Apesar de os dados sugerirem demora para que a Justiça se realize, pesquisadores, magistrados e promotores consultados por ZH definem a situação como positiva. Para Marcelo Dornelles, subprocurador de Justiça para Assuntos Institucionais do Ministério Público, o balanço de janeiro pode ser considerado positivo:
— Em comparação com a média nacional, os índices de esclarecimentos são muito bons. Há cinco anos, o índice era de 8% no Estado. Com as novas delegacias, melhoraram não só o número de casos esclarecidos como a qualidade dos inquéritos.

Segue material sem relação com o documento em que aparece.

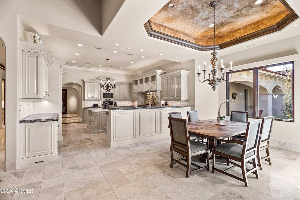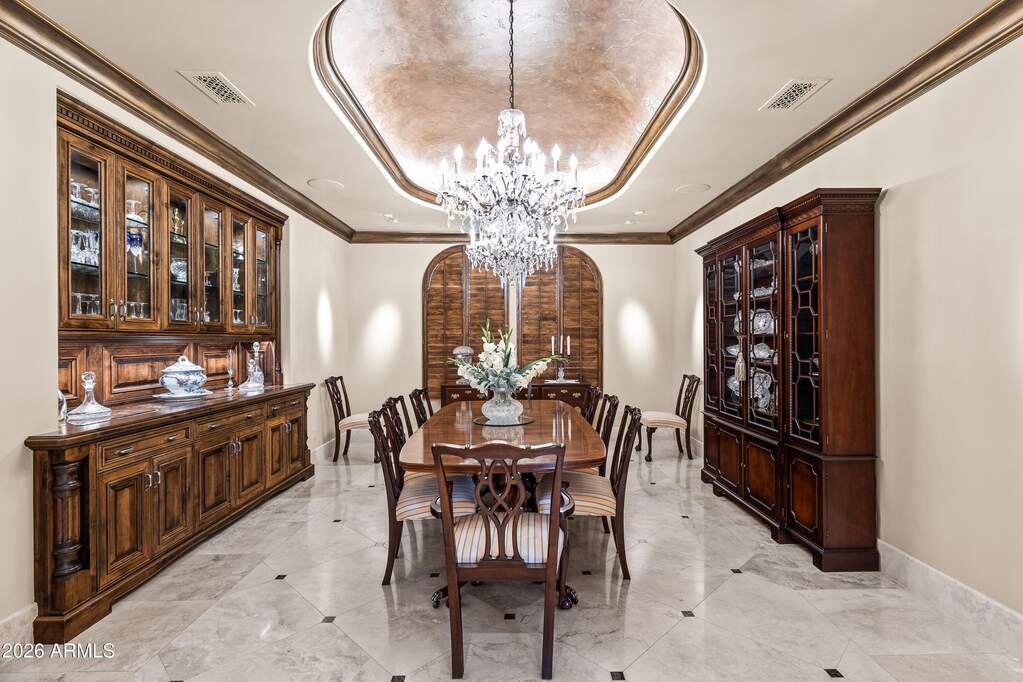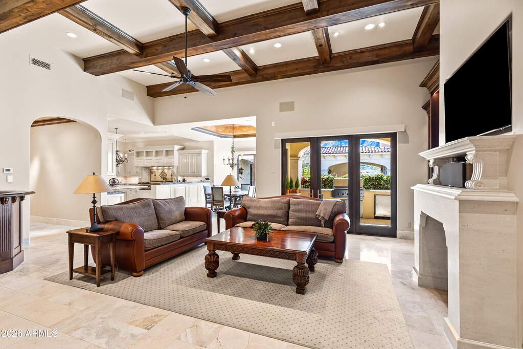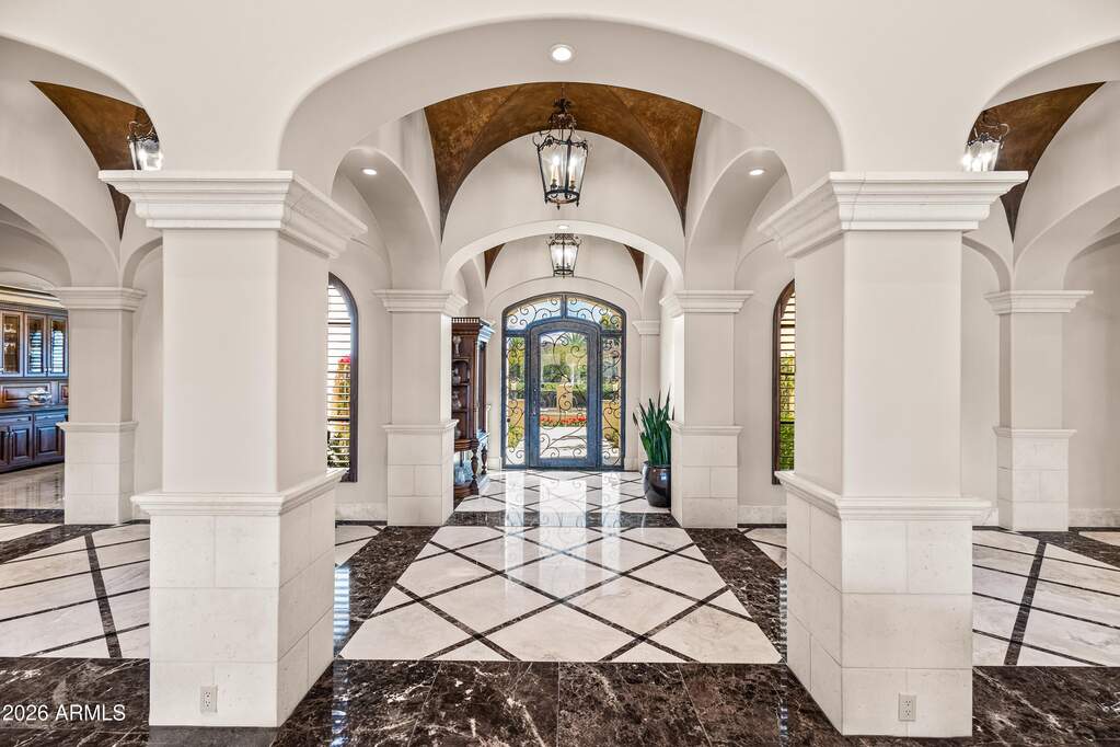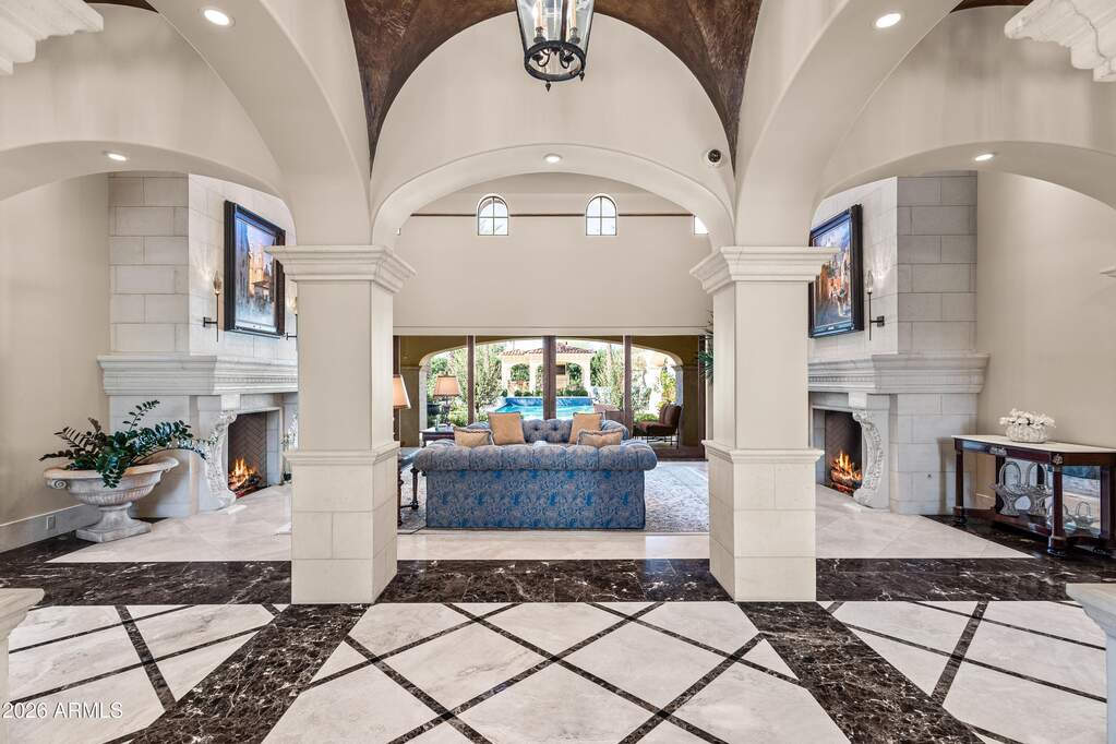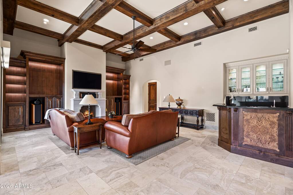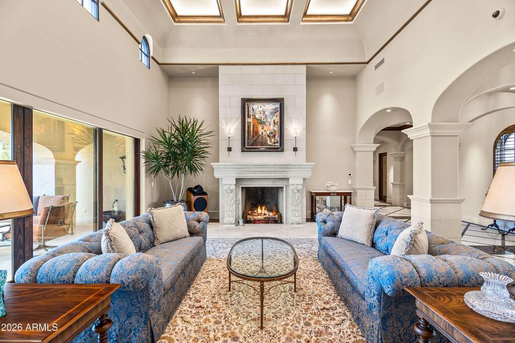 Premier 1-acre lot with breathtaking Camelback Mountain views. Experience elevated desert living in this gated Paradise Valley estate, where architectural details abound: soaring ceilings, arched entryways, multiple gas fireplaces, and stunning ceiling treatments featuring skylights, wood paneling, and exposed beams. The main residence offers an expansive open-concept layout with a grand great room, formal dining area, and a private study with custom built-ins. Entertain effortlessly with a chef's kitchen, wet bar, wine cellar, and game room, or unwind in the dedicated exercise room complete with sauna. A detached casita provides exceptional flexibility and privacy, featuring its own living room with fireplace, full kitchen, and bedroom with en-suite bath-ideal for guests or extended stay. Step outside to an extraordinary backyard retreat showcasing sweeping mountain views, tranquil fountains, and a custom pool and spa enhanced by dramatic fire and water features. Enjoy Arizona living at its finest with a ramada, covered patio, and private putting green-perfect for year-round relaxation and entertaining. Additional highlights include a 4-car garage and a premier location just minutes from world-class resorts, spas, golf, hiking, fine dining, and luxury shopping.

Drogas são a principal causa
Com relação aos inquéritos finalizados mas sem denúncias, o promotor entende que a maioria está em poder da polícia para complementar investigações solicitadas pelo MP.
Opinião semelhante tem o sociólogo Rodrigo Azevedo. Segundo ele, a taxa de esclarecimento melhorou em razão do incremento na estrutura policial, que nos últimos anos ampliou a capacidade de investigação.
Azevedo lembra que a maioria dos homicídios envolve disputas entre traficantes, o que dificulta a identificação do autor. Entretanto, enfatiza que é necessário cobrar da polícia cada vez mais melhores resultados.
— Se tem algo que a polícia tem de esclarecer é o homicídio. A impunidade incentiva a prática de novos crimes. E, neste tipo de crime, é fundamental que os autores sejam processados e julgados — afirma o sociólogo, professor adjunto de pós-graduação em Ciências Criminais e em Ciências Sociais da Pontifícia Universidade Católica (PUCRS).
O pesquisador complementa:
— A condenação tem papel preventivo, pois tira o criminoso de circulação.
O presidente do Conselho de Comunicação do Tribunal de Justiça (TJ) do Estado, Túlio de Oliveira Martins, também avalia como bom o saldo de janeiro. Segundo ele, a investigação policial não é uma ciência exata, e há casos que demoram até anos para serem solucionados.
Quanto ao percentual de 30,7% de denúncias com autoria conhecida, Martins assegura que a proporção registrada no Rio Grande do Sul está dentro do normal. Segundo ele, do início da investigação até o julgamento de um crime, as provas vão sendo depuradas à medida que são analisadas em várias instâncias — pelo delegado, pelo promotor e pelo juiz.
Criminalistas questionam critério de dados oficiais
A Polícia Civil gaúcha considera como assassinatos elucidados tanto os crimes com autor identificado quanto os casos nos quais o inquérito ainda estão em andamento, mas que o autor já foi identificado, com provas coletadas contra ele.
Por este critério, o índice de elucidação de casos é de 73% nas 11 cidades mais violentas do Estado.
— Para efeito de investigação, consideramos esses casos elucidados. Às vezes, falta um laudo pericial ou ouvir uma testemunha. Embora não tenha sido remetido, já podemos considerar o caso esclarecido — diz o chefe da Polícia Civil, Ranolfo Vieira Junior.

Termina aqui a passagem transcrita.